Find the string "that" in the records. Copy every line it appears in.

=== Data ===
- Opening Delimiter -
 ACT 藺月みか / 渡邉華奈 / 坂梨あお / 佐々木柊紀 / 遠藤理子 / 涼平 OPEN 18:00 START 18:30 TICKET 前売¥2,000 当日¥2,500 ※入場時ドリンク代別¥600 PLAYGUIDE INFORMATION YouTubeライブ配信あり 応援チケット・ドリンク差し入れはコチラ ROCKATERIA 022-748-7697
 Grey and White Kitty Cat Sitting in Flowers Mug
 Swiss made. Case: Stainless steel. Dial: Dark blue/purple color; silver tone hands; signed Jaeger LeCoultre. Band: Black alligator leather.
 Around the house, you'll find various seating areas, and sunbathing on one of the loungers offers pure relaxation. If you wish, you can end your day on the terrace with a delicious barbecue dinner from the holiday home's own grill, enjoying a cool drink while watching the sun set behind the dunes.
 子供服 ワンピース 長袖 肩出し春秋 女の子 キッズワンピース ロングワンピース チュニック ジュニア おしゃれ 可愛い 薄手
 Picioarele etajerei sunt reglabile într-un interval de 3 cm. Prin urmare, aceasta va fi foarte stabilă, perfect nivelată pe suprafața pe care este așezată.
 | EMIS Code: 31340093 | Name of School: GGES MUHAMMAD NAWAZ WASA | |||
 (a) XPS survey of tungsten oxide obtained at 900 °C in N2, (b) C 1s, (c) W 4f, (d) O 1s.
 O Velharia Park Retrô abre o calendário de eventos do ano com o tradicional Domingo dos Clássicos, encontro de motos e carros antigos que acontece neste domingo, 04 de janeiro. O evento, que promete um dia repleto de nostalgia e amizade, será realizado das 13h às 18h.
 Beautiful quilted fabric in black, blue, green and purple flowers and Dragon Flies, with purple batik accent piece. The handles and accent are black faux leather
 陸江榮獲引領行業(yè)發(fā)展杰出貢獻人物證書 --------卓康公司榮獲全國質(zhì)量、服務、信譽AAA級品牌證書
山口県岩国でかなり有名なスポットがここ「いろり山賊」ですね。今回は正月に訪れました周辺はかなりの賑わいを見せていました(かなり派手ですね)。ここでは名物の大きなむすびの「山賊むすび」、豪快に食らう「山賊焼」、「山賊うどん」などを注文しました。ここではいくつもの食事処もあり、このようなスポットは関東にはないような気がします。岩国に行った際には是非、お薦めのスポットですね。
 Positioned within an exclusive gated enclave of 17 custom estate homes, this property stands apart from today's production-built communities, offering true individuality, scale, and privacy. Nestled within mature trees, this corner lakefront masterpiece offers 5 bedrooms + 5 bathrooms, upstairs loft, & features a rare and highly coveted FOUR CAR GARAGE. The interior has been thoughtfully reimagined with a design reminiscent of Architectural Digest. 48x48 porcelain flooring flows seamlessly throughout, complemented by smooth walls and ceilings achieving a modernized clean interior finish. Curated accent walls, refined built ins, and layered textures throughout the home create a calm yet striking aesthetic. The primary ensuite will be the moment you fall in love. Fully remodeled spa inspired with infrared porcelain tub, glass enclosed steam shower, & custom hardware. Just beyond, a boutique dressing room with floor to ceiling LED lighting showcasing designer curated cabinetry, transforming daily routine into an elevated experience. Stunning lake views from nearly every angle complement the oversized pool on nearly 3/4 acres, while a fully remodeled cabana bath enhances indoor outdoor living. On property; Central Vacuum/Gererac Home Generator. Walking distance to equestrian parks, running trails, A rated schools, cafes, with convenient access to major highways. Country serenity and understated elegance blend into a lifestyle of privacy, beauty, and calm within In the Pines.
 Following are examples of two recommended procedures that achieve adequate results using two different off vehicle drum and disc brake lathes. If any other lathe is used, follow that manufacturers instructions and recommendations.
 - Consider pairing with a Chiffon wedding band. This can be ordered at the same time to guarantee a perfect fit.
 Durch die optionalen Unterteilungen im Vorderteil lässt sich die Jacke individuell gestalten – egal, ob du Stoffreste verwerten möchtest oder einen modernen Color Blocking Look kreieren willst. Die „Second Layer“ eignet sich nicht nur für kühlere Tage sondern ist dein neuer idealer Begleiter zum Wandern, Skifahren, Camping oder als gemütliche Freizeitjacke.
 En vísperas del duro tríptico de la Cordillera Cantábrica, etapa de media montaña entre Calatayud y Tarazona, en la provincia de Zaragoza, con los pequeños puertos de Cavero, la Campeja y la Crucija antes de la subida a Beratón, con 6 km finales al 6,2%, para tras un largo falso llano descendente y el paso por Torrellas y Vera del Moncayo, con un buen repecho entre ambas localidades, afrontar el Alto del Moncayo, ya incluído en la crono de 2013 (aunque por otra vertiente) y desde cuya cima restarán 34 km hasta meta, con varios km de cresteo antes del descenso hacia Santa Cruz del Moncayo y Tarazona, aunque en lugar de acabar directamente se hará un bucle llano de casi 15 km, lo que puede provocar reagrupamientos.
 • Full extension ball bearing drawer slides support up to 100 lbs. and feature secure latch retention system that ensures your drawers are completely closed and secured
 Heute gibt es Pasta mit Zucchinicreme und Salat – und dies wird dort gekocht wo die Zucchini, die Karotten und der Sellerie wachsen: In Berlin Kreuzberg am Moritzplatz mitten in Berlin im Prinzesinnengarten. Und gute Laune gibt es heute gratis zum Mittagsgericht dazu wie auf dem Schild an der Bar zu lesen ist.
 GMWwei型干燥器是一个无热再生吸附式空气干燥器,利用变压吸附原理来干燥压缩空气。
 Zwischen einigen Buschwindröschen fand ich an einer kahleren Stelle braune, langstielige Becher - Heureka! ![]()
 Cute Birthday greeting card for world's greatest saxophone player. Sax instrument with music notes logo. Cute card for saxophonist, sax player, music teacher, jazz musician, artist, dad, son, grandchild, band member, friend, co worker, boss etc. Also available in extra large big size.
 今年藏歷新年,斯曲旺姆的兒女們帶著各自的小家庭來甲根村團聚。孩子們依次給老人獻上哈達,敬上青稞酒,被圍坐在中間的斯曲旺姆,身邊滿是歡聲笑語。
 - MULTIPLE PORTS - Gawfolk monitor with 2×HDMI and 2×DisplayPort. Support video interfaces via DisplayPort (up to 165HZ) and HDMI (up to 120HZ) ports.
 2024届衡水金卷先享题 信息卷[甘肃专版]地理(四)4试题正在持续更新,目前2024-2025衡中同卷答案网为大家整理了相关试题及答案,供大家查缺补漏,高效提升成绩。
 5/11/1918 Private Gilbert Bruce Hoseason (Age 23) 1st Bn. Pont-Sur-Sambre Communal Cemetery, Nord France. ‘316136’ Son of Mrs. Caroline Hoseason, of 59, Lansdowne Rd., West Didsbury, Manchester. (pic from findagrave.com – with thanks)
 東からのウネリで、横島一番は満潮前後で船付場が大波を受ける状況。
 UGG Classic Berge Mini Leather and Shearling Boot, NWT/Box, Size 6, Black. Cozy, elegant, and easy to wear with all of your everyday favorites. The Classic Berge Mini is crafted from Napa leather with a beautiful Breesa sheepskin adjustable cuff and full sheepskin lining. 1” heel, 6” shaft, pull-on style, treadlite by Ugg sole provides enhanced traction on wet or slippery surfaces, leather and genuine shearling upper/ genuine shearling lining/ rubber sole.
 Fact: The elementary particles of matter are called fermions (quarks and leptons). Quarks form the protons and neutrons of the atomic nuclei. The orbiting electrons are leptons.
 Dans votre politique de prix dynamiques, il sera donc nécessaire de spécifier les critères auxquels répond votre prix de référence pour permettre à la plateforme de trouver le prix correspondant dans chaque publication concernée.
- Closing Delimiter -
=== Finished exercise ===
 Following are examples of two recommended procedures that achieve adequate results using two different off vehicle drum and disc brake lathes. If any other lathe is used, follow that manufacturers instructions and recommendations.
 • Full extension ball bearing drawer slides support up to 100 lbs. and feature secure latch retention system that ensures your drawers are completely closed and secured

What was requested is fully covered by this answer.